Amendment to ABL Credit Agreement
Effective as of May 13, 2015, Nomac Drilling, L.L.C. (“Nomac”), Performance Technologies, L.L.C. (“PTL”), Great Plains Oilfield Rental, L.L.C. (“GPOR”), Hodges Trucking Company, L.L.C. (“Hodges”) and Oilfield Trucking Solutions, L.L.C. (“OTS”), all wholly owned subsidiaries of Seventy Seven Energy Inc. (“SSE”), entered into Amendment No. 1, dated as of April 23, 2015 (the “Amendment”), to the Credit Agreement, dated as of June 25, 2014, by and among Nomac, PTL, GPOR, Hodges and OTS, as borrowers, the guarantors named therein, Wells Fargo Bank, National Association, as administrative agent, Wells Fargo Bank, National Association and Bank of America, N.A., as joint lead arrangers and joint book runners, Bank of America, N.A., as syndication agent, Credit Agricole Corporate and Investment Bank and SunTrust Bank, as co-documentation agents, and the lenders named therein (as amended, the “ABL Credit Agreement”). The Amendment increased the amount of indebtedness permitted to be incurred under the Term Loan Credit Agreement (as defined below) from $400 million to $500 million.

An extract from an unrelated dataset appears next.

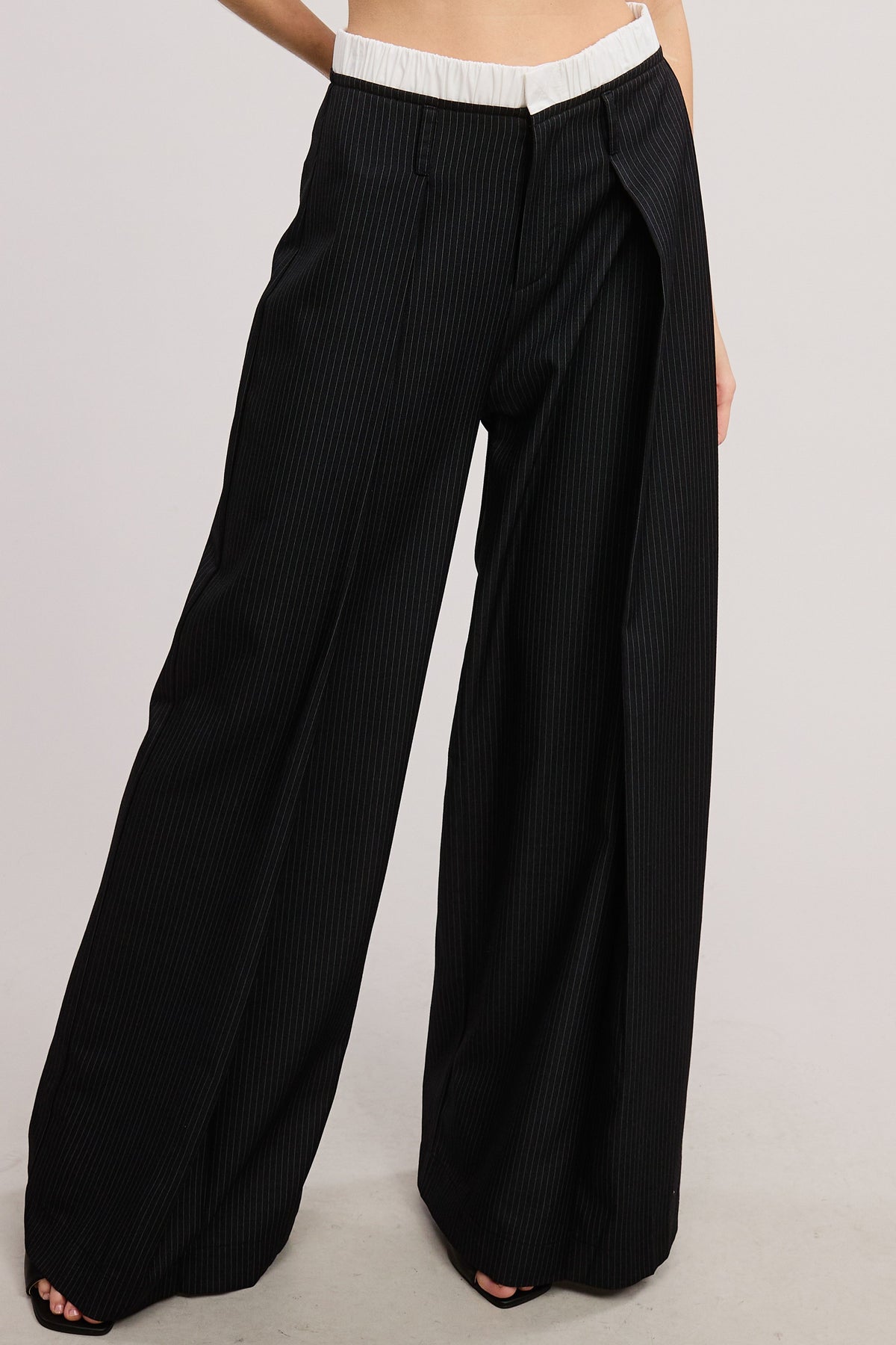 Tailored meets edgy cool. The Pinstripe Wide-Leg Trousers feature a sleek, high-rise silhouette with subtle pinstripes and a unique layered waistband detail that gives them a deconstructed-chic vibe. The wide-leg cut flows effortlessly, adding movement and elongating the legs while keeping the look modern and polished.

The foregoing description of the Amendment is not complete and is qualified in its entirety by reference to the full text of the Amendment and the ABL Credit Agreement, which are filed as Exhibit 10.1 and Exhibit 10.2, respectively, to this Current Report on Form 8-K and are incorporated by reference into this Item 1.01.

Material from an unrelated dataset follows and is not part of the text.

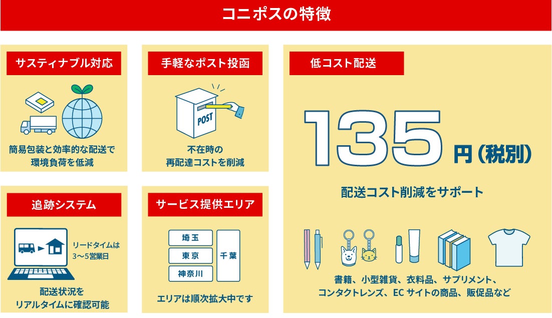 「コニポス」は、ポスト投函型の配送サービスで、小型商品の発送に最適です。

Incremental Term Supplement
On May 13, 2015, Seventy Seven Operating LLC (“SSO”), a wholly owned subsidiary of SSE, entered into an incremental term supplement (the “Incremental Term Supplement”) to its existing term loan credit agreement, dated as of June 25, 2014 (the “Term Loan Credit Agreement”), by and among SSO, SSE, each lender from time to time party thereto, and Bank of America, N.A., as administrative agent. Pursuant to the Incremental Term Supplement, SSO borrowed $100 million in aggregate principal amount of incremental term loans (the “Incremental Term Loans”).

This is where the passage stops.